(Data excerpts)
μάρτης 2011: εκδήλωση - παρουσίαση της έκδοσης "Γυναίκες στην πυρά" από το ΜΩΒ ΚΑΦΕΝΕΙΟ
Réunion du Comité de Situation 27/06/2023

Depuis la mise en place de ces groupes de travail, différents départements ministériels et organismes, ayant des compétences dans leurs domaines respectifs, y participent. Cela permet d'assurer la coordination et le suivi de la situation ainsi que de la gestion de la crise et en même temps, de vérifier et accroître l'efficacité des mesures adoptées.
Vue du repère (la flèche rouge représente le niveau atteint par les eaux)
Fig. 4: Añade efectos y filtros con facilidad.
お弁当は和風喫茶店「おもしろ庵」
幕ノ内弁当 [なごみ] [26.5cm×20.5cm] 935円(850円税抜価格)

* * *

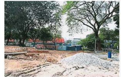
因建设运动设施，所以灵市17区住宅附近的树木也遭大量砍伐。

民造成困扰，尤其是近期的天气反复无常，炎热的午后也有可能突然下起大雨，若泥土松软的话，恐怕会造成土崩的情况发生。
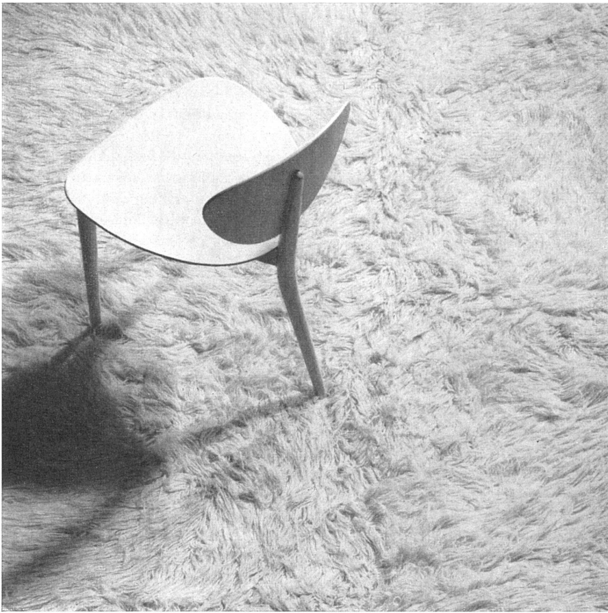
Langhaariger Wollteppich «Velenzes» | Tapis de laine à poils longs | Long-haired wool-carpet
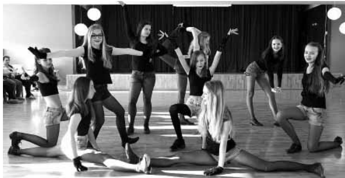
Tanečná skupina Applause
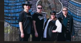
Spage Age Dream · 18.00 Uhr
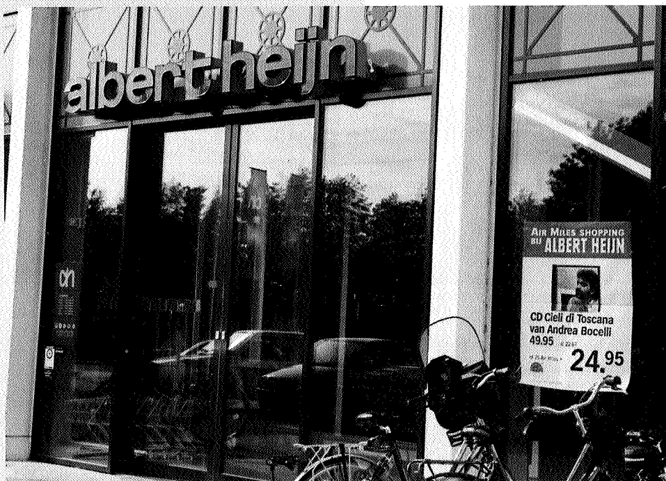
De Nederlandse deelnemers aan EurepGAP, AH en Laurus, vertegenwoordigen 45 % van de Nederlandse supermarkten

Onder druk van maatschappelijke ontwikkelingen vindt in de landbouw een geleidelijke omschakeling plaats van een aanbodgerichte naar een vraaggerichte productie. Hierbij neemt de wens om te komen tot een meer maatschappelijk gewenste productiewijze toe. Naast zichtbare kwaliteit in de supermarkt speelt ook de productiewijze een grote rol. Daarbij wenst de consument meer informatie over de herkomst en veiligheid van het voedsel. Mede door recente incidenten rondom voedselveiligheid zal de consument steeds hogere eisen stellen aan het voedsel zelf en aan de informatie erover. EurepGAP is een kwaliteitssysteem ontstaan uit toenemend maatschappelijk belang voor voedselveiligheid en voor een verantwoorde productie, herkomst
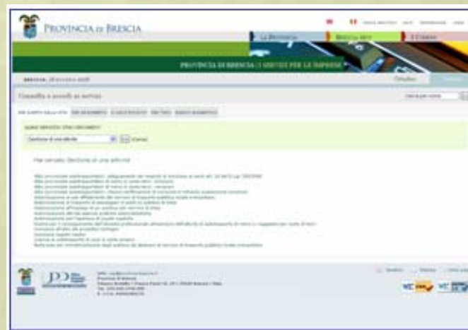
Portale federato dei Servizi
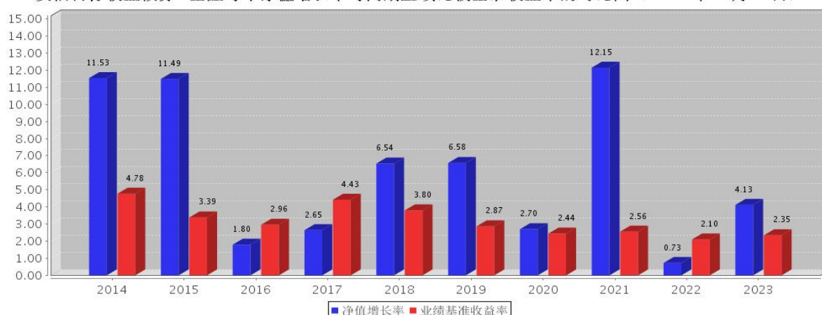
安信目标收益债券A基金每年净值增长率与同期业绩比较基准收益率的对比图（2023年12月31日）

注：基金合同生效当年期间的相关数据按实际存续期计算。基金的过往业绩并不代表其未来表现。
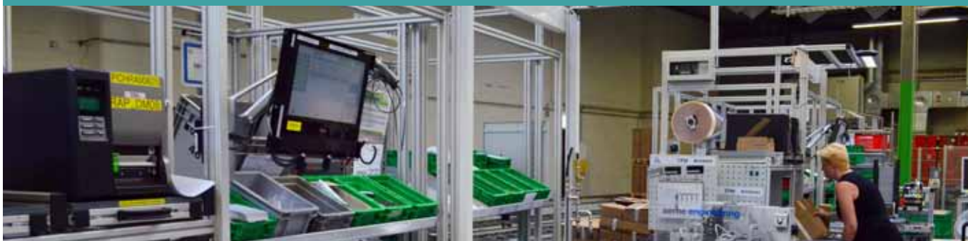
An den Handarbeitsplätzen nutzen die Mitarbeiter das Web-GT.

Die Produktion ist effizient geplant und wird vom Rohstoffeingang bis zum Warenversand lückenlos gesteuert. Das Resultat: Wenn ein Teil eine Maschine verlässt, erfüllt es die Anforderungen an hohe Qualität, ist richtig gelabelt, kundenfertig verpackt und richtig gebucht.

==

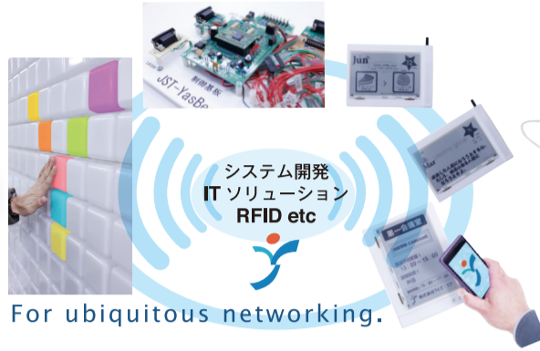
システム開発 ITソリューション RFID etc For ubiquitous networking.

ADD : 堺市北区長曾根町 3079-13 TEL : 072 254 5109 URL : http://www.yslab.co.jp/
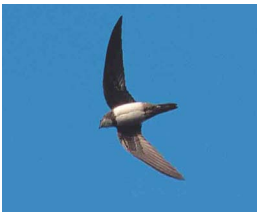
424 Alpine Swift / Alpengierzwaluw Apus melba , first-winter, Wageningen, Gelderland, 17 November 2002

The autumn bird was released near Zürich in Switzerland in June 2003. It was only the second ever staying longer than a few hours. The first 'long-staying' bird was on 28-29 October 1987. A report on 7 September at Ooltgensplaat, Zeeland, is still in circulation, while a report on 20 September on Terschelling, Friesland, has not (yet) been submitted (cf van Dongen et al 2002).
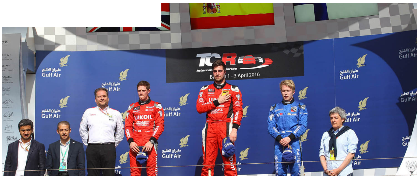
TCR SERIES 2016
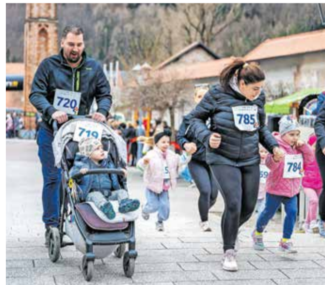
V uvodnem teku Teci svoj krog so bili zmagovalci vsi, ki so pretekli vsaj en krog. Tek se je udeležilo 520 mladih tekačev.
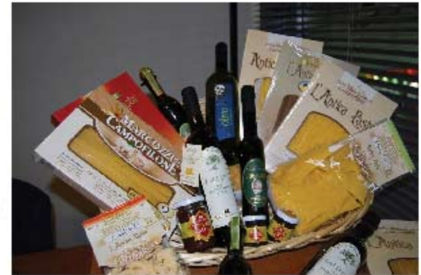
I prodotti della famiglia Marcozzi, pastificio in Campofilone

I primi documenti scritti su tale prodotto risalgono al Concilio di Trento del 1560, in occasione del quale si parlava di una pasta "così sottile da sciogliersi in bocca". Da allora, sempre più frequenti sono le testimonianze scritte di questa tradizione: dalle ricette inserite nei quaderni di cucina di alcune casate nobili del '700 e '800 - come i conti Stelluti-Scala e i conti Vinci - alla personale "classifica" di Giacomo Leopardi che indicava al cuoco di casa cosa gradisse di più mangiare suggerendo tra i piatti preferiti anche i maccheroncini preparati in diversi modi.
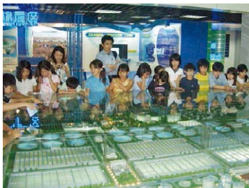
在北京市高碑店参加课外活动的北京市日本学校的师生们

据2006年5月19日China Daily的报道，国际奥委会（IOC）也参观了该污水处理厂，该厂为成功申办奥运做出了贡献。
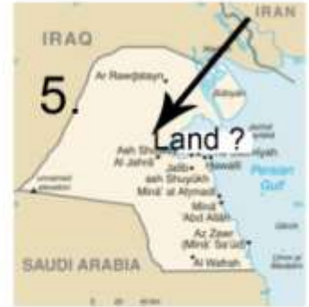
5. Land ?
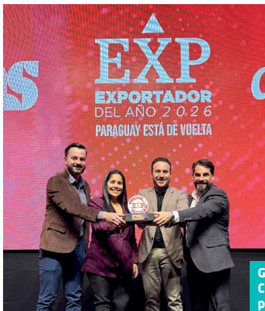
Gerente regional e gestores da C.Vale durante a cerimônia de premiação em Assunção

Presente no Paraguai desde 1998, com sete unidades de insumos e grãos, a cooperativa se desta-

# PROBLEM DETAILS
Only one stretch of the data above is needed. Restate it word for word, from the line containing "お弁当は和風喫茶店「おもしろ庵」" through the line containing "幕ノ内弁当 [なごみ] [26.5cm×20.5cm] 935円(850円税抜価格)", both ends included.

# RESULT OF THE TASK
お弁当は和風喫茶店「おもしろ庵」
幕ノ内弁当 [なごみ] [26.5cm×20.5cm] 935円(850円税抜価格)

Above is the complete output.